One of the latest trends to come out of the fall 2016 fashion season is a coat that is stuffed back in almost every closet, the puff jacket.
For those who remember, the puff jacket was a major cold weather trend back in the mid-1990s. The oversized, padded coat came in colors that ranged from neon yellow to black and popularized designer names like Tommy Hilfiger to a more casual and urban demographic. Everyone from Sarah Jessica Parker to Biggie Smalls sported the style, and the jacket had a specially liking by rappers, who used the style to accentuate their baggy jeans and enlarge their overall silhouette. Since the puff jacket was first embraced by metropolitan youths, it was one of the most popular fashion trends inspired by young black men during that decade. The emergence of the style also coincided with the development of water repellent textiles, making it a coat that not only gave style but also a more unique function than its wool peer.
After years of large padded coats, a natural evolution to slimmer silhouettes developed in fashion. Although the puff jacket style never went away, it was reserved for frigid winter days where style was secondary. However, with the rise of normcore, styles have shifted.
At the latest fashion week, Balenciaga used a red Helly Hansen-like coat that was placed off the shoulders of a crystal embedded turtleneck, while DKNY went for a slick trash bag style and Burberry added lux to the trend with fur details.
Just as the rise of these trends begin to fill retail stores, there’s another factor to consider. A number of groups and publications have questioned the safety of the fabrics used on outerwear due to perfluorocarbons (PFCs), a component used to make water repel. During production, PFCs can enter into the atmosphere, which then can lead into water and eventually on the clothing. The carcinogen perfluorooctanoic acid (PFOA), which is released from PFC, has been linked to a number of diseases like cancer and reproductive problems in test lab rats.
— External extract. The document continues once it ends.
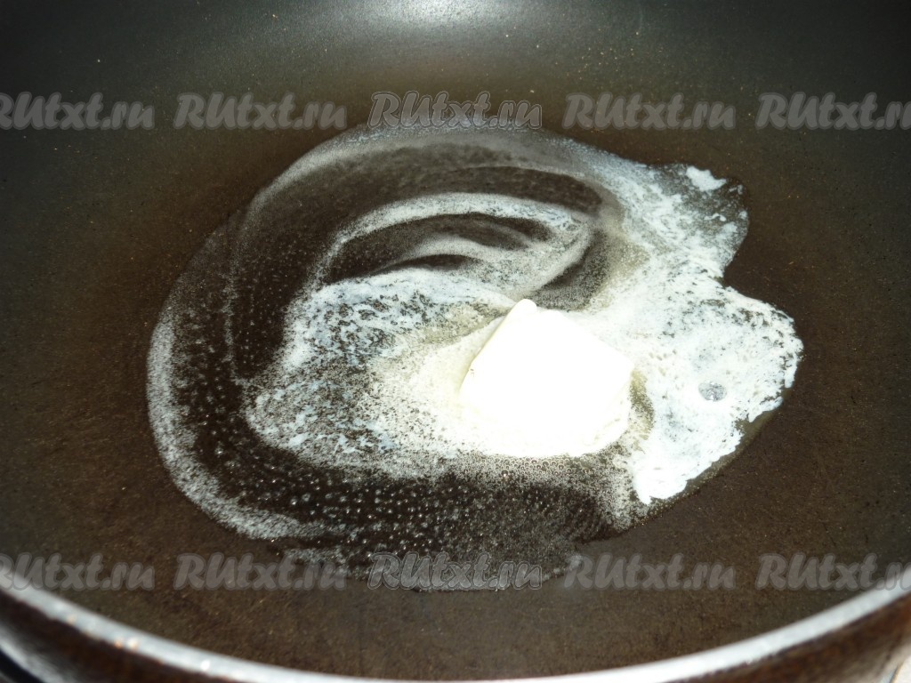 Сливочное масло отправить на сковороду и растопить, очень важно, чтобы масло плавилось, а не горело, поэтому огонь должен быть слабым.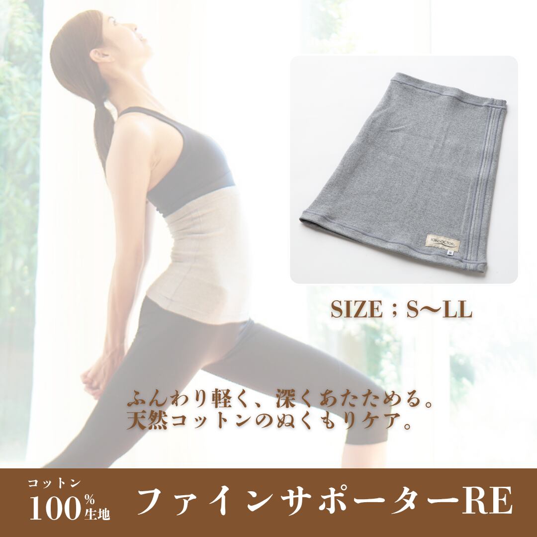 天然鉱物パウダー加工のコットン100%生地で肌着のように着られる大好評の薄型サポーター。

A study from Greenpeace tested 40 pieces of outdoor clothing and found traces of PFOA in all. One of the brands tested, Patagonia, stated that the Greenpeace study was, “not accurate.” After the study was released, the company has made a public campaign in ending manufacturing that causes PFOA.
Although not at the same availability as its big name competitors, there is a non-PFC alternative for outerwear. The small brand Páramo has become the first company to offer outdoor wear that “completely eliminates PFCs from its manufacturing process.” As of today, Páramo hasn’t made a puff jacket. It appears fashionistas will have to wait or take a chance.